Open Humanoid Series Article 2 of 6

Specifying the Impossible: A Complete Engineering Specification for an Autonomous Humanoid Robot

OPEN ACCESS CERN Zenodo · Open Preprint Repository CC BY 4.0

📚 Academic Citation: Ivchenko, Oleh (2026). Specifying the Impossible: A Complete Engineering Specification for an Autonomous Humanoid Robot. Research article: Specifying the Impossible: A Complete Engineering Specification for an Autonomous Humanoid Robot. Odessa National Polytechnic University, Department of Economic Cybernetics.
DOI: 10.5281/zenodo.18946974 · View on Zenodo (CERN)

The Specification Challenge

A humanoid robot is a system of perhaps 500 interdependent requirements. The locomotion subsystem demands actuators with specific torque curves, which constrain motor selection, which determines power draw, which sizes the battery, which adds mass to the structure, which increases the torque requirements for locomotion.

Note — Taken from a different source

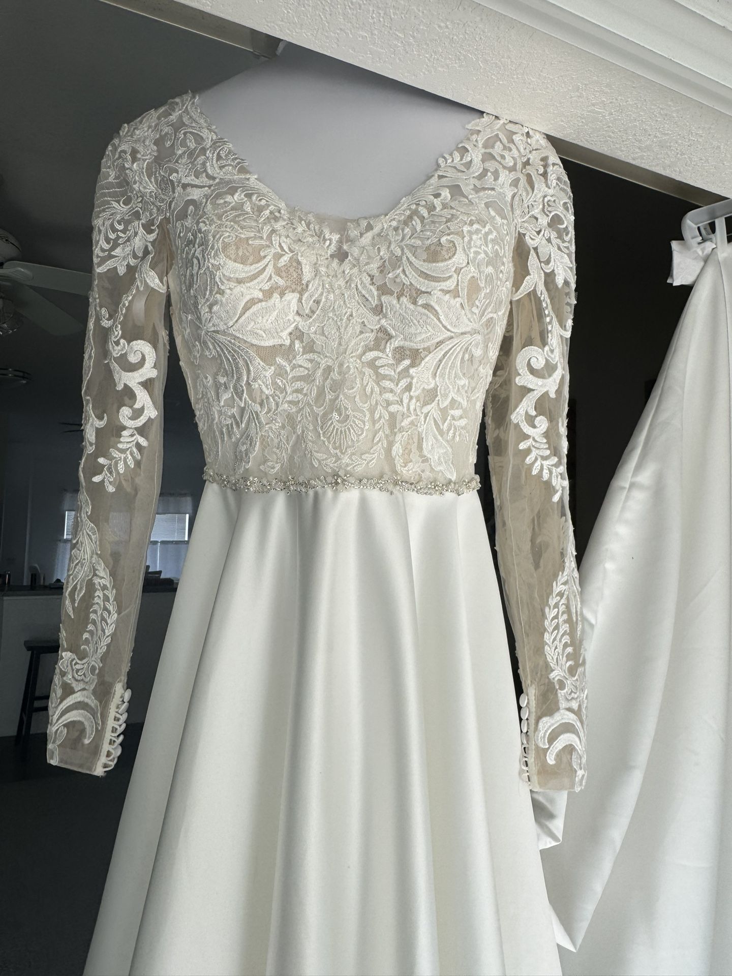 Long Sleeve Lace & Satin Wedding Dress *SIZE 6*

Every specification decision cascades through the system. How do you specify something this complex? The conventional answer is iteration: make initial estimates, design the system, discover the estimates were wrong, revise, repeat. This works but obscures the engineering logic. The final specification appears as if it emerged fully formed, disconnected from the tradeoffs that shaped it. We take a different approach: explicit constraint propagation. We define the hard constraints first (mass limit, battery life, emergency stop response), then allocate budgets to subsystems, then verify the allocations sum to less than the total. When constraints conflict, we document the conflict and the resolution. The specification becomes a living record of engineering reasoning, not just a frozen parameter list. This article presents the complete high-level specification for the Open Humanoid. By the end, every subsystem has defined interfaces, budgets, and performance targets. The remaining eighteen articles fill in the detailed designs.

How Industry Approaches Specification

Before presenting our specification, we examine how existing platforms handle the problem.

Boston Dynamics: Capability-First Design

Boston Dynamics appears to practice capability-first design: identify a desired behavior (backflip, stair descent, push recovery), then engineer systems to achieve it. The specification emerges from capability targets rather than preceding them. This approach produces impressive demonstrations but resists systematic documentation. Each capability may require custom solutions that do not generalize. The 2024-2025 transition from hydraulic to electric actuation suggests a fundamental architecture revision that a specification-first approach might have anticipated.

Unitree: Platform Scaling

Unitree demonstrates platform scaling: the G1 (127cm, 35kg) and H1 (180cm, 47kg) share architectural approaches while targeting different applications. The specification discipline manifests in consistent actuator interfaces and software frameworks across platforms. The H1’s world-record 3.3 m/s running speed indicates aggressive performance optimization within a stable specification envelope. Research institutions report that basic locomotion can be achieved in 1-2 weeks with the provided SDK, suggesting well-documented interfaces.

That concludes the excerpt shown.